Когда Тини и Лаурин были еще маленькими, их матери дружили, но в последние годы отдалились друг от друга. Конечно, дружить с безалаберной Лу было трудновато, да и у Джилли Чарльз характер был не сахар. После того как Лу спуталась с Шантал и уехала из США, отец Тини, Эндрю Олден, нашел на Уэст Энд авеню прекрасный старинный дом и переехал в него вместе с дочерью. Именно тогда он попросил Джилли порекомендовать для Тини хорошую школу. Дальнейшее стало уже историей. Тини достаточно было только посмотреть на Лаурин, чтобы понять, что она нашла родственную ей душу. Внешне они были совершенно разными. В свои пятнадцать лет Лаурин доросла уже до пяти футов и десяти дюймов — обстоятельство, которое она очень переживала, к тому же это осложняло ее отношения с мальчиками. Хотя доктор уверял ее, что у нее совершенно нормальный рост, Лаурин была уверена, что ее железы внутренней секреции каким-то образом когда-то подверглись ядерному облучению. Большинство мальчиков, назначавших ей свидания, просто хотели получить автограф кого-то из родителей Лаурин, и это заставляло ее избегать таких встреч.
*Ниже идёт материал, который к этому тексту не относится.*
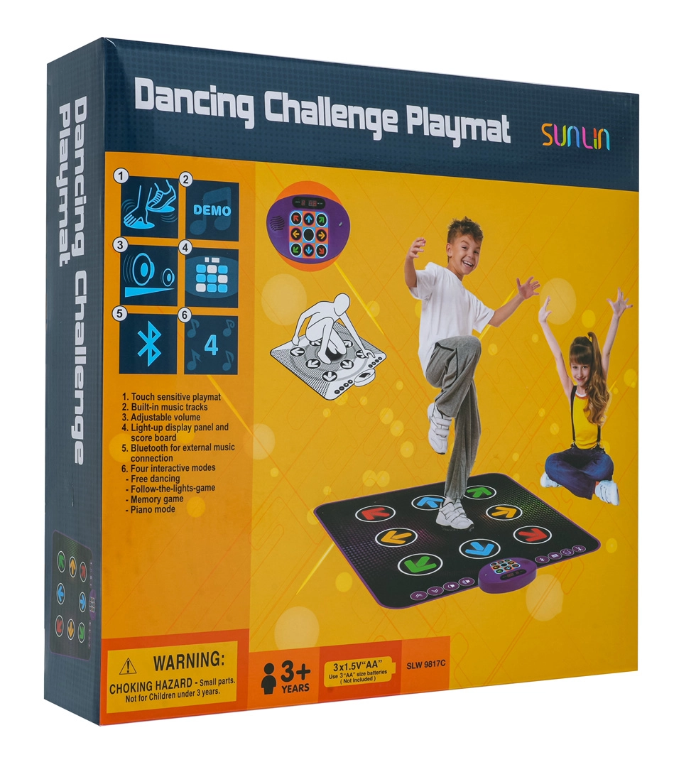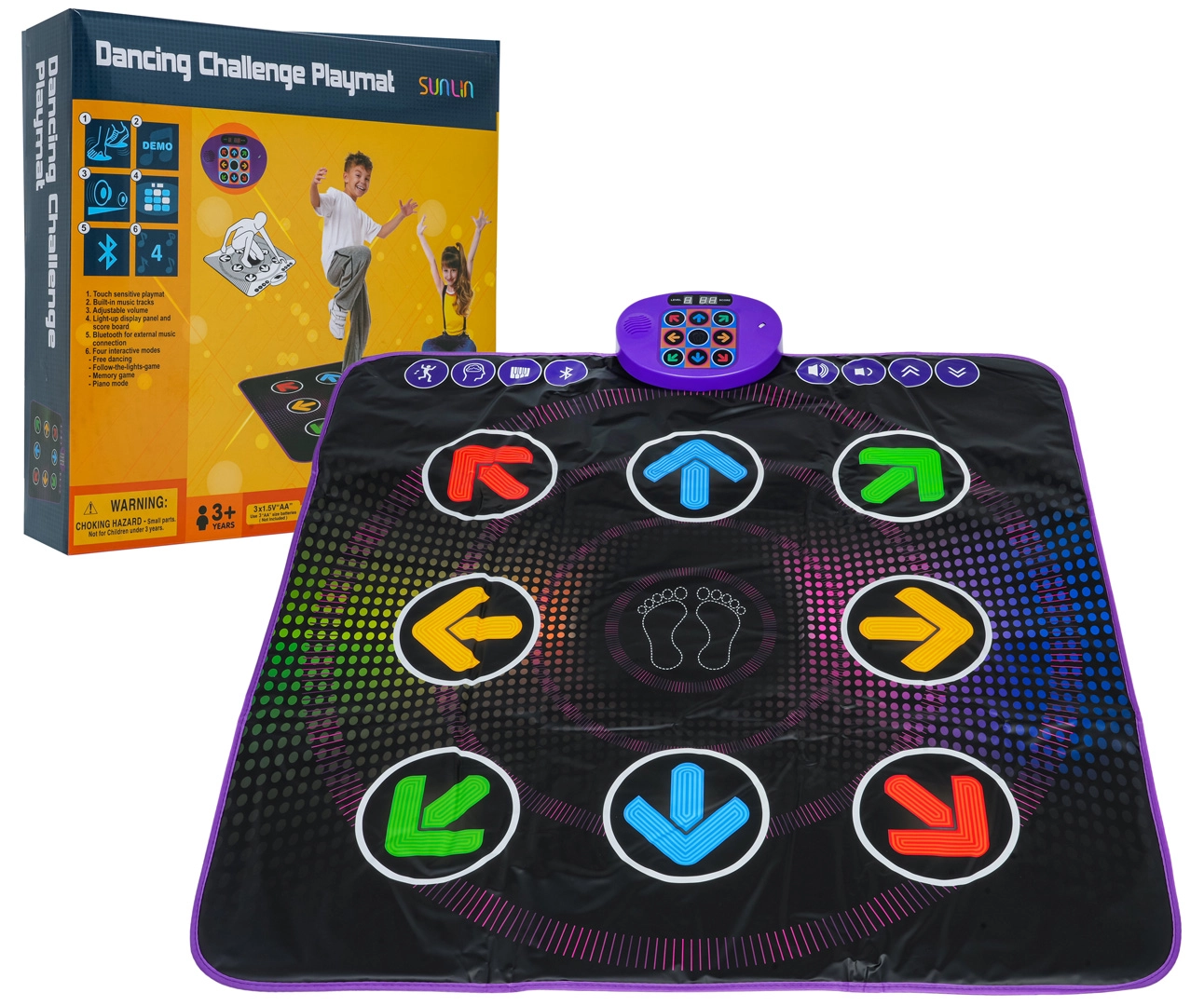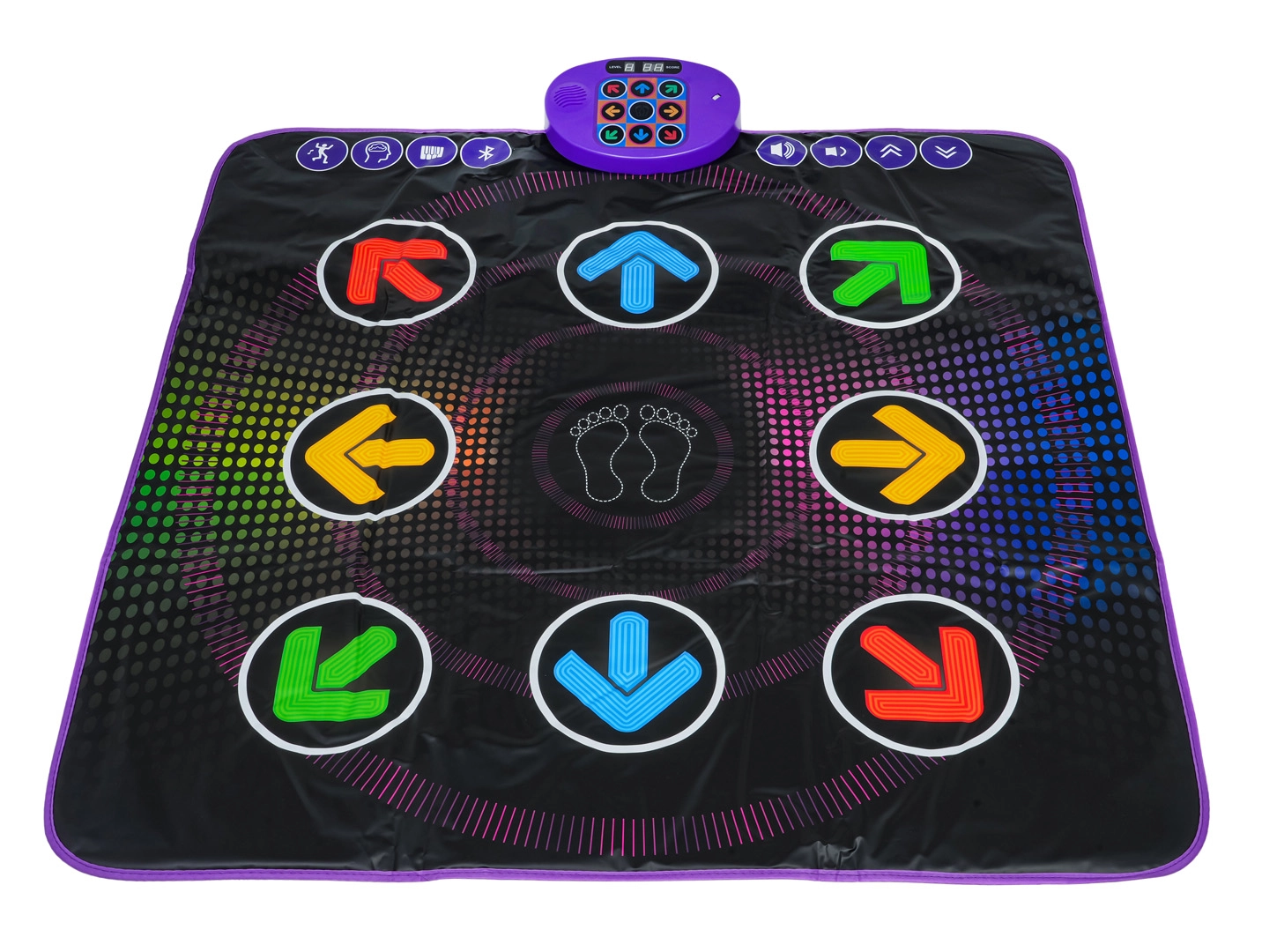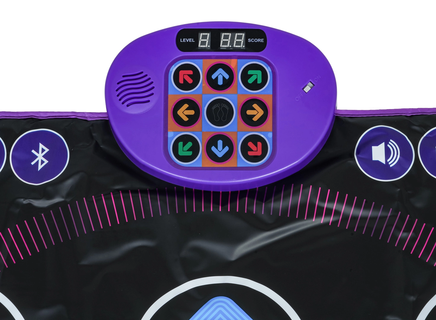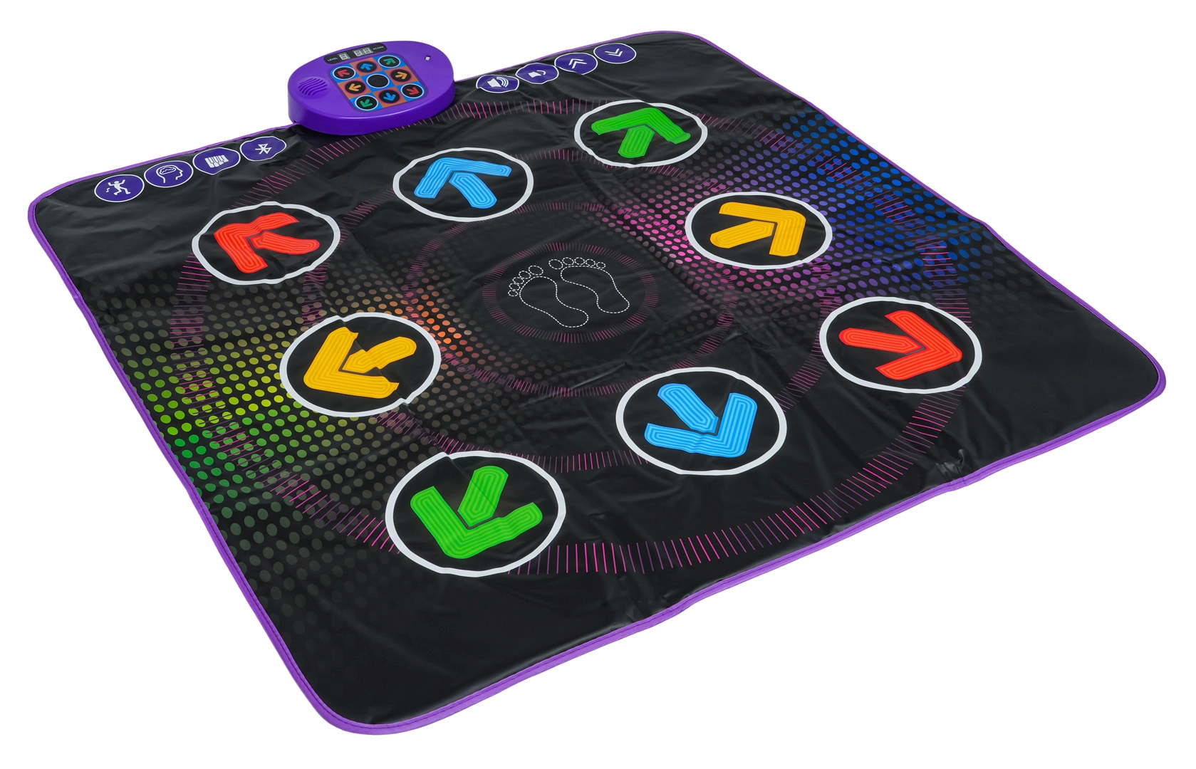Razgibajte otroke z zabavno igro! Glasbena plesna podloga z osvetljenim zaslonom s puščicami pokaže, kam stopiti, ter spodbuja k aktivnemu gibanju. Podloga je mehka, prijetna na dotik in zaradi nedrseče obdelave na spodnji strani trdno stoji na mestu. Enostavno se zloži in po igri ne zavzame veliko prostora.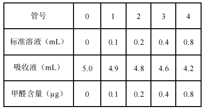 取5支10mL具塞比色管,用甲醛标准溶液按下表制备标准色列管。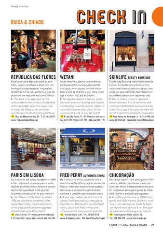 É a Beauty Boutique mais requisitada de Lisboa. Recheada de perfumes e cosmética das marcas mais exclusivas, tem ainda um spa onde pode fazer tratamentos diferenciados e sair rejuvenescido. 3 This is Lisbon’s most in-demand beauty boutique. Full of perfumes and cosmetics by the most exclusive brands, it also has a spa where you can have different treatments and leave rejuvenated. 4E Rua Paiva de Andrade, 4 · T. 211 930 236 www.skinlife.pt · Facebook: Skinlifeboutique

А в более поздние годы все внимание Лаурин сосредоточилось на том, будут ли ее родители жить вместе, что она считала вполне возможным. Тини однажды заметила своей подруге, что существует отрицательная связь между актерскими успехами Джилли и интересом к ней со стороны Бобби. Как только зрительский интерес к сериалу "Вчера, Сегодня и Завтра" падает, у Бобби оказывается больше времени на Джилли. Тини предполагала, что, если Джилли потеряет эту роль, они, вероятно, воссоединятся.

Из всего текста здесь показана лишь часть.